A superior officer cannot be charged with abetting the suicide of a junior employee on the ground that he made him work hard and cautioned him about stopping his increments if the work was not done. There is no criminal intent or “guilty mind” involved, the Supreme Court observed in a recent judgment.
The verdict by a Bench of Justices Arun Mishra and U.U. Lalit came on an plea filed by Vaijnath Kondiba Khandke, against whom a complaint was filed by the widow of Kishor Parashar.
Both were serving in the office of the Deputy Director of Education, Aurangabad. Mr. Parashar ended his life on August 8, 2017 in his house. He did not leave a suicide note.
Alleges mental torture
His wife made a complaint to the police that her husband was “suffering from mental torture as his higher officers were getting heavy work done from her husband which required him to work “from 10 a.m. to 10 p.m.; that her husband would be called at odd hours and even on holidays to get the work done”.
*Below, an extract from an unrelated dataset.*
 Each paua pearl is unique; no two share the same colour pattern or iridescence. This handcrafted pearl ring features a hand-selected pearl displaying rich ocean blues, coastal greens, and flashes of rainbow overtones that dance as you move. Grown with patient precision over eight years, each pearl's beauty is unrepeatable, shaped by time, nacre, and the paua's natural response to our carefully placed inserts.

His wife accused another co-worker of getting her work done from Mr. Parashar. She said her husband used to be under pressure of work.
Mr. Khandke appealed that the allegations were “absurd and inherently improbable and did not make out any case”.
‘Insufficient evidence’
The court, citing precedents, said a person can be accused of abetment of suicide only if there is evidence to prove that he or she had “either instigated the deceased in some way to commit suicide or had engaged with some other person in conspiracy to do so or that the accused had in some way aided any act or illegal omission to bring about the suicide”.
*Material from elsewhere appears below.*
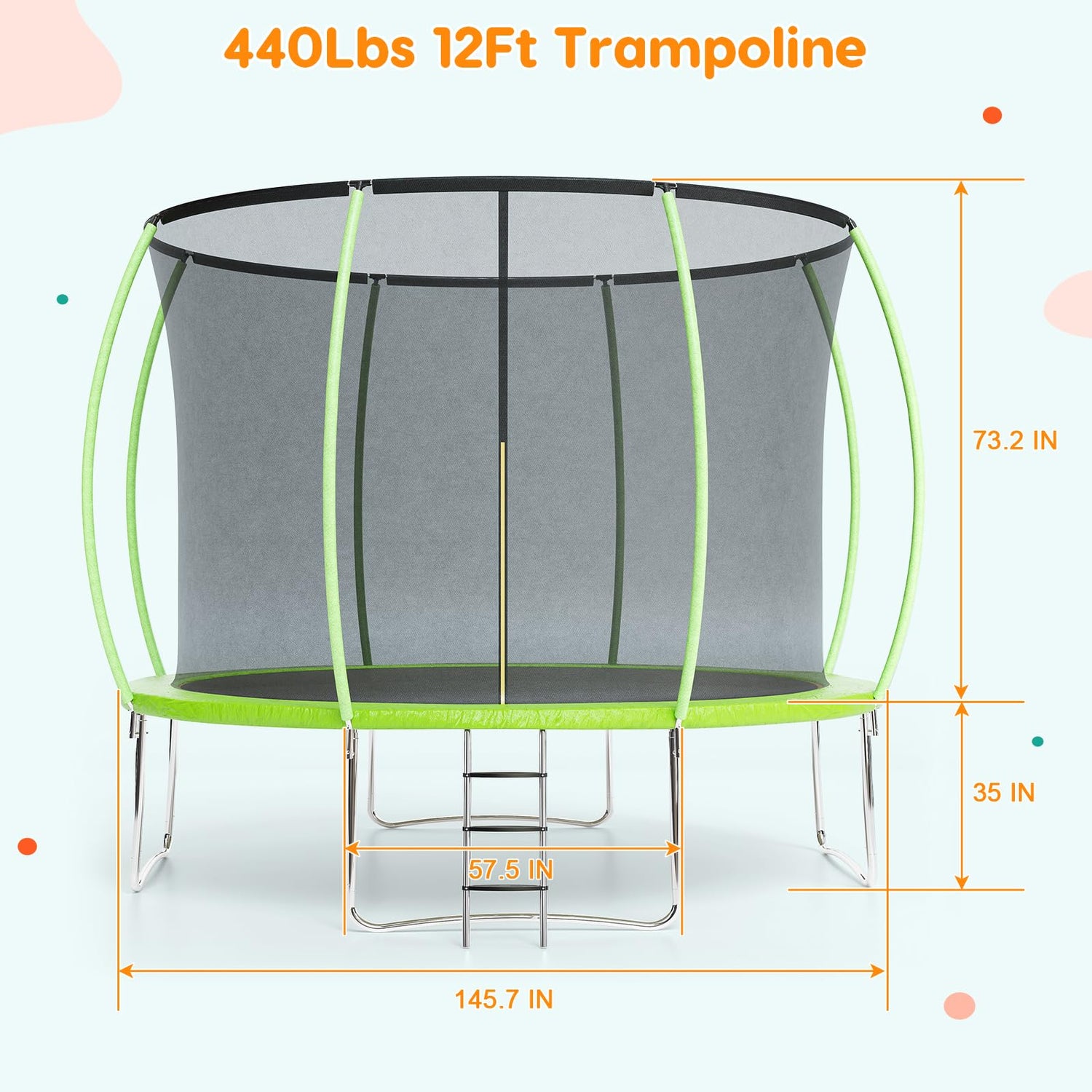 Garveetools Trampoline 10FT 12FT 14FT 16FT with Enclosure & Ladder, ASTM Approved Heavy-Duty Outdoor Recreational Trampoline for Kids Adults, 440LB Capacity (Green, 12FT)

Justice Lalit said the only material on record was assertions made by the wife. The court found the facts on record in the case as “completely inadequate and insufficient”.
“As a superior officer, if some work was assigned by the applicant to the deceased, merely on that count it cannot be said that there was any guilty mind or criminal intent. The exigencies of work and the situation may call for certain action on the part of a superior, including stopping of salary of a junior officer for a month. That action simplicitor cannot be considered to be a pointer against such superior officer,” the apex court observed, quashing the criminal case.